All proprietary tools, templates, frameworks, methodologies, and advisory materials developed by RC Hospitality Services remain the intellectual property of the Company unless otherwise agreed in writing.

Limited License

Clients are granted a non-transferable, non-exclusive license to use deliverables strictly for internal business purposes.

Redistribution, resale, or commercial exploitation without written consent is prohibited.

LIMITATION OF LIABILITY

To the maximum extent permitted by law:

  • The Company shall not be liable for indirect, incidental, consequential, or special damages.
  • Total liability shall not exceed the fees paid by the Client for the specific service in question.
  • The Company shall not be responsible for business losses resulting from implementation or non-implementation of advisory recommendations.

DISCLAIMERS

  • Services are provided on an “as is” and “as available” basis.
  • Market conditions, regulatory changes, and operational variables may impact outcomes.
  • The Company makes no warranties, express or implied, regarding commercial results.

INDEMNIFICATION

The Client agrees to indemnify and hold harmless RC Hospitality Services, its directors, consultants, and affiliates from claims arising from:

  • Misuse of advisory reports
  • Inaccurate data provided by the Client
  • Breach of third-party agreements
  • Regulatory non-compliance by the Client

DATA PROTECTION

The Company shall process client data in accordance with applicable data protection laws.
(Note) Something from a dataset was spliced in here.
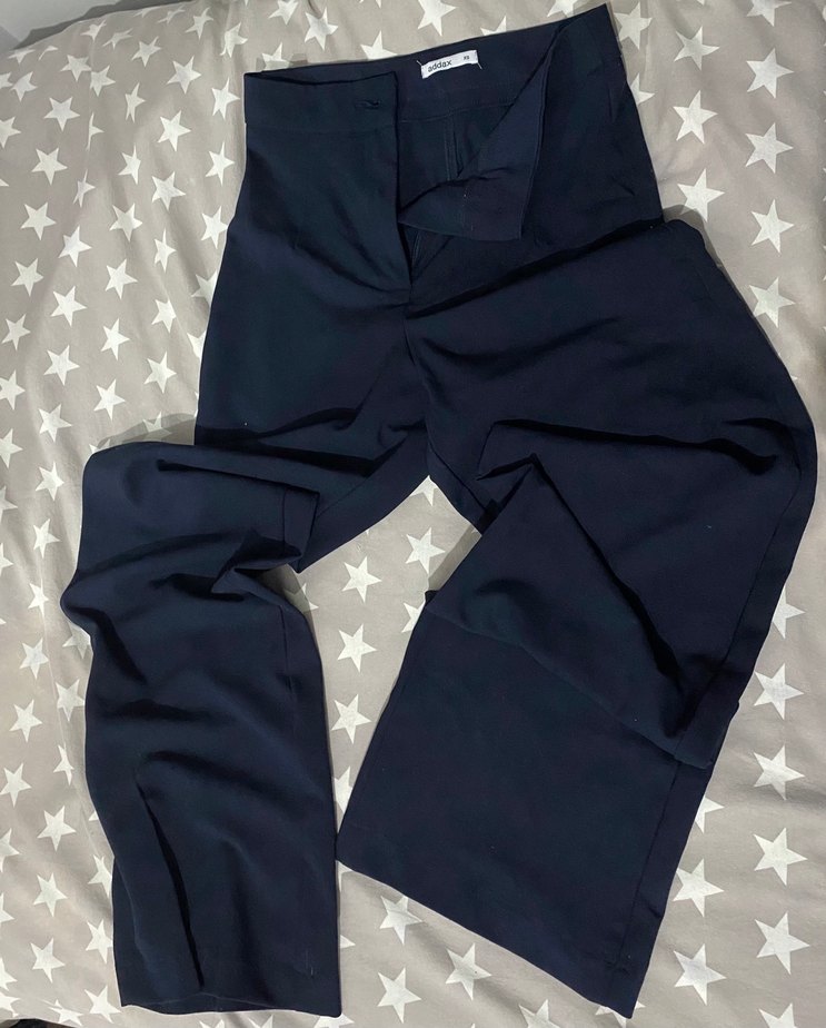 Kadınlar için koyu lacivert, midi boy, rahat kesim ve ipeksi kumaştan yapılmış pantolon. Günlük iş kullanımı için zahmetsiz şıklık sunar. Çok az giyildi ✨

Clients warrant that they have lawful authority to share any data provided to the Company.

GOVERNING LAW AND JURISDICTION

These Terms shall be governed by and construed in accordance with the laws of [Insert Jurisdiction].

Any disputes shall be subject to the exclusive jurisdiction of the courts located in [Kolkata/West Bengal].

AMENDMENTS

The Company reserves the right to modify these Terms at any time. Updated Terms shall be published on the website and shall become effective upon publication.

FORCE MAJEURE

The Company shall not be liable for delays or failures caused by events beyond reasonable control, including but not limited to natural disasters, regulatory changes, cyber incidents, strikes, or governmental actions.

Dispute Resolution:

Any dispute arising out of or in connection with these Terms of Service shall be settled by [specify dispute resolution method, e.g., mediation, arbitration, etc.].

Governing Law:

These Terms of Service shall be governed by and construed in accordance with the laws of India.

Changes to Terms:

RC Hospitality Services may amend these Terms of Service from time to time. We will notify you of any material changes.

Continued Use:

By continuing to use the Services after any changes to these Terms, you agree to be bound by the revised Terms.

Complete Terms: 

These Terms of Service constitute the entire agreement between you and RC Hospitality Services with respect to the Services and supersede all prior or contemporaneous communications and proposals.